Technical and professional education shall be made generally 
available and higher education shall be equally accessible to all on 
the basis of merit". For that matter, the US constitution still 
prescribes  Life, Liberty and the Pursuit of Happiness." These are 
values, rights, ethical prescriptions. They are difficult to honour. 
Nevertheless, we should only rescind them if we cease to regard them 
as ethical. We should not negotiate them because they are difficult or costly.

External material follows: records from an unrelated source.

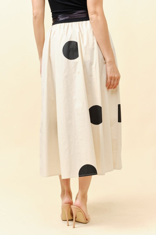 A tie-waist polka dot midi skirt featuring an elastic waistband for a comfortable fit and convenient side pockets. Comes with an additional satin tie that wraps elegantly around the waist for a polished, feminine finish. Crafted from a soft blend of 95% cotton and 5% spandex.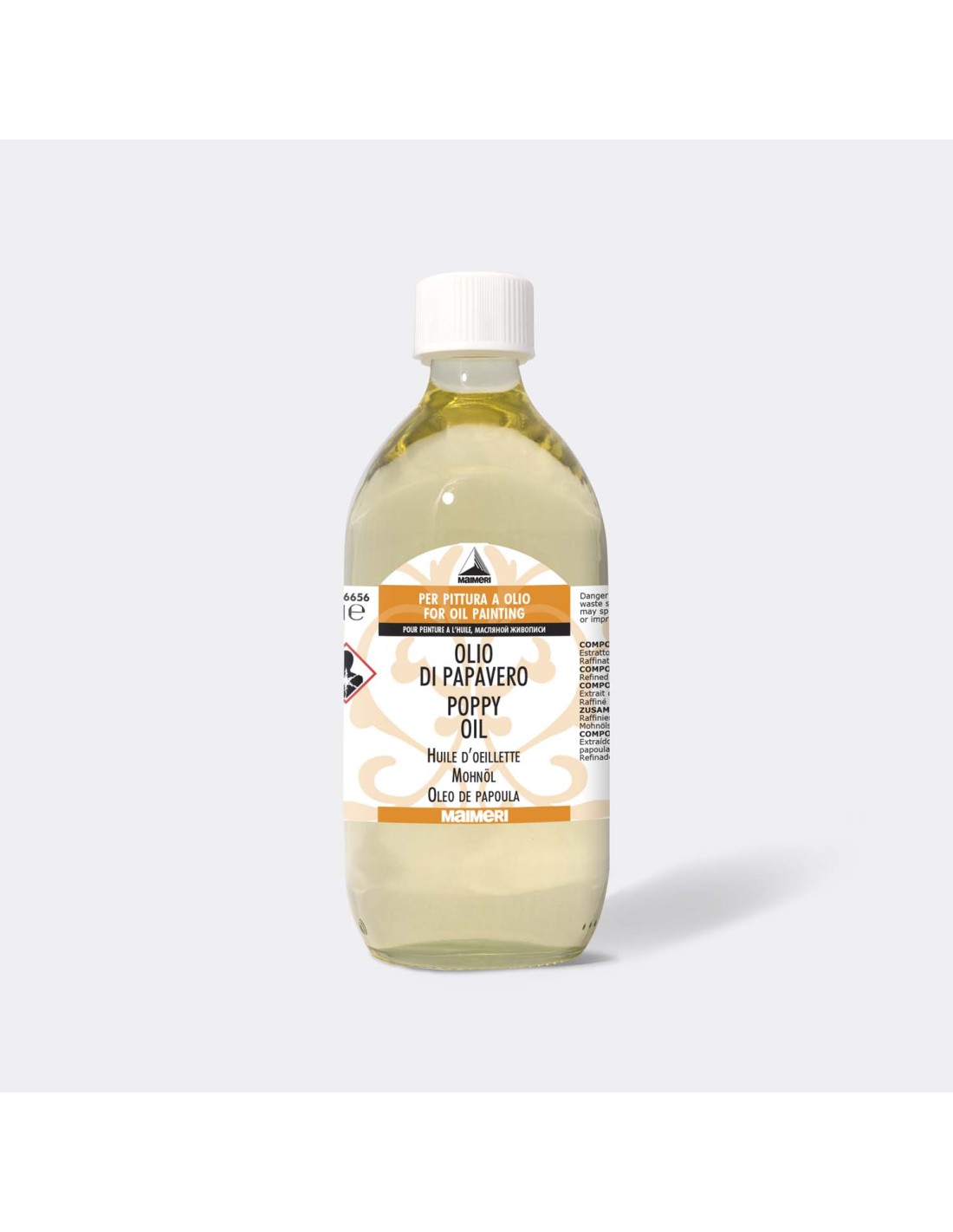 Estratto di semi di papavero raffinato; olio semi siccativo di estrema purezza e resistenza alla luce; lenta essicazione ma non ingiallente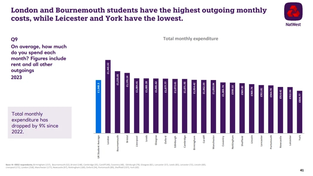 去年,英国银行Natwest发布了《2023年学生生活指数》,该报告覆盖来自63个城市的3,052名英国大学生,对英国各城市的生活花销进行了统计。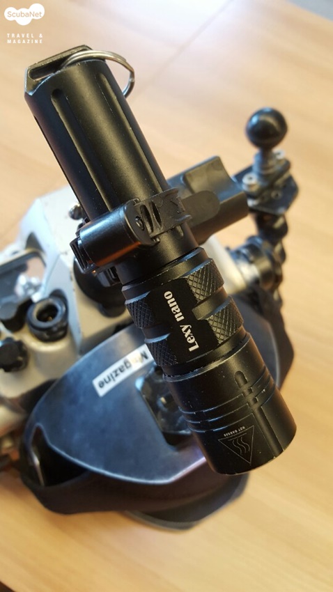 어댑터를 이용하여 카메라 하우징에 장착하여 타겟라이트로 활용했다. 이번 코모도 리브어보드 투어에서 렉시나노를 실제 사용해 봤는데 크기가 작아 백업라이트로 상시 휴대하다가 주간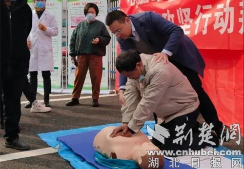 精彩、专业的演示,吸引了现场群众的围观,大家纷纷跃跃欲试,涂敏边示范、边指导,逐一纠正大家的手势、动作。“心梗救治时间的延误,患者自身是最主要的因素,多利用这样的活动让村镇居民了解正确的自救和及时就医方式,非常有必要。”石桥驿镇卫生院院长彭华武如是说。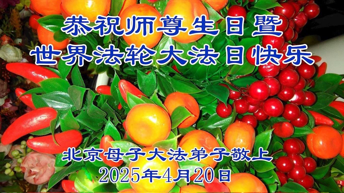恭贺5.13世界法轮大法日!世界需要真善忍! 恭祝师父生日快乐! 北京大兴一家庭学法小组大法弟子叩拜 2025年4月20日 北京旧宫一大法弟子恭贺5.13世界法轮大法日暨恭祝师父生日快乐!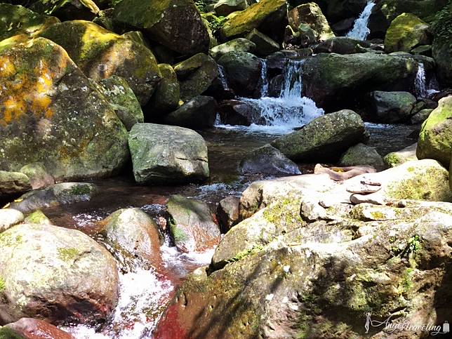 約走20-30分鐘,終於看見第一個指標“青山瀑布步道”經過指標後的風景,宛若在童話故事中的場景,小溪流穿過仿舊鐵橋,巨石上佈滿青苔,感覺隨時有小精靈出沒。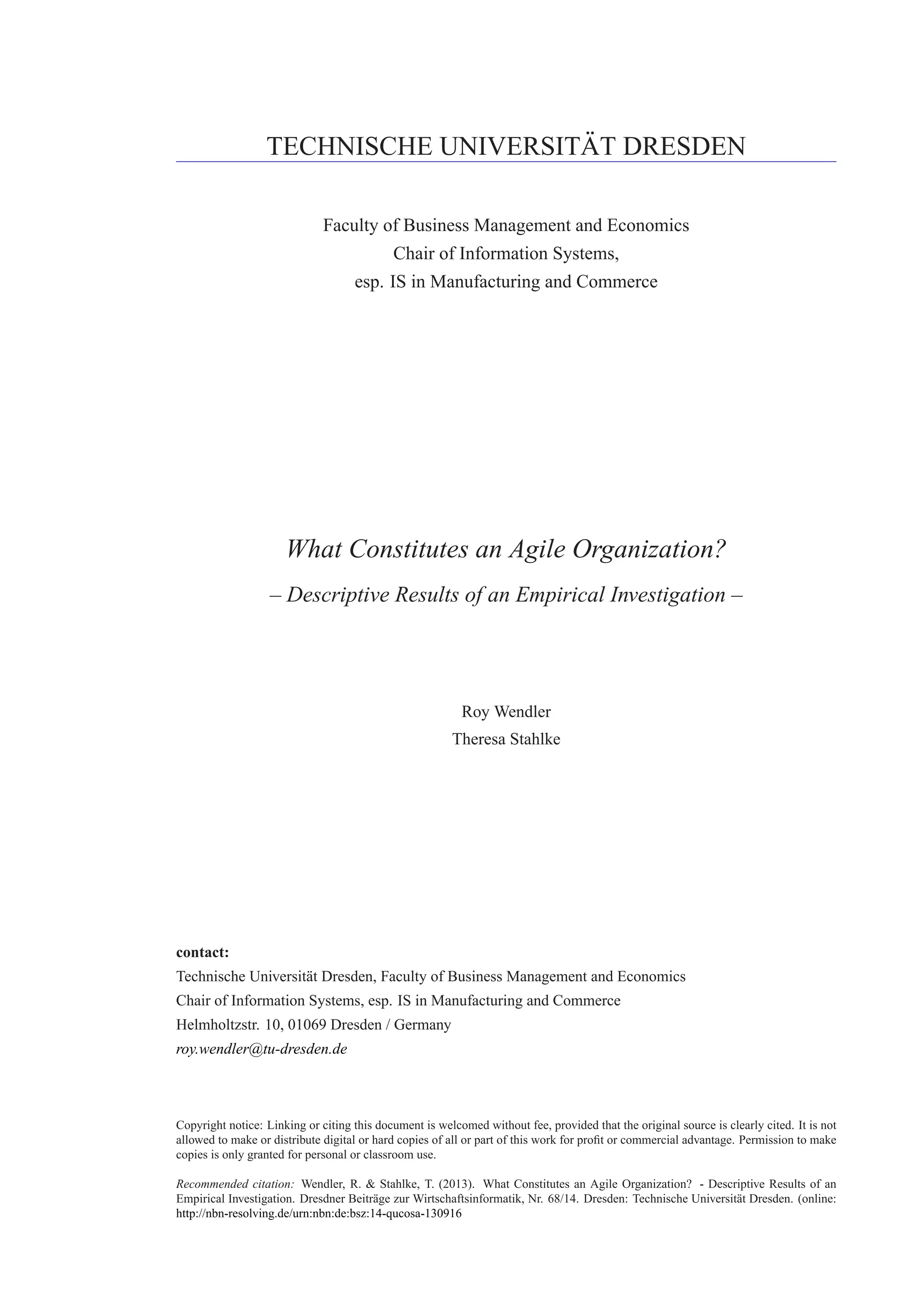 The document presents an empirical investigation into what constitutes an agile organization, capturing various aspects such as values, conditions, capabilities, and activities that define agility. It details insights drawn from participants across different roles, sizes, locations, and customer types, aiming to delineate characteristics that foster agile practices in organizations. The findings contribute to a better understanding of agility in the context of business management and inform further research in the field.

I don't see any difference between this and ethical conduct in any 
sphere, from which I see no reason to exempt economics. To the 
contrary, a concept of ethics in economics is long-overdue, as 
pointed out in Colander et al's  must-read "The Financial Crisis and 
the Systemic Failure of Academic Economics" 
(<http://www.debtdeflation.com/blogs/wp-content/uploads/papers/Dahlem_Report_EconCrisis021809.pdf>http://www.debtdeflation.com/blogs/wp-content/uploads/papers/Dahlem_Report_EconCrisis021809.pdf). 
Here they say: "In our view, economists, as with all scientists, have 
an ethical responsibility ... Currently, there is no ethical code for 
professional economic scientists. There should be one." I agree.

The full quote (which I have abbreviated) articulates a specific 
ethical concern, the duty to communicate limitations. But the 
principle is general: if it's ethically required, it should be 
ethically prescribed. It should be codified. This introduces at least 
the minimum requirement of accountability. If our profession were to 
clearly and unequivocally pronounce (like Doctors, Architects, 
Planner, Engineers, Lawyers, Accountants.....) what is right and 
wrong conduct for an economist, then even if we ourselves can do 
nothing about it, we would at least have a standard against which 
economists, journals, HE institutions, public servants and for that 
matter, banks, can be judged by the public.

Codification must be protected from enforcement. Yes, it is difficult 
to protect against misrepresentation. It is also difficult to stop 
climate change. Both are still wrong. This line cannot be blurred.

Equally, 'should the victim have redress?' is at least autonomous 
from 'is it enforced?'. If a corrupt or lax regulator fails to 
protect me from fraud, I am allowed civil redress to reclaim the 
money of which I was defrauded. If we choose to throw up our hands 
and announce we cannot prevent plagiarism, then injured parties - 
whose entire careers are sometimes at stake, as this discussion has 
shown - must have the right to seek redress. Any other idea is 
morally inexcusable and ethically highly dangerous.

It was in this context I raised the use of copyright. It's an 
imperfect instrument, and it wasn't devised to catch plagiarism. But 
my advice to any victim is 'if it works, and if you need it to 
enforce a right not honoured, then use it'.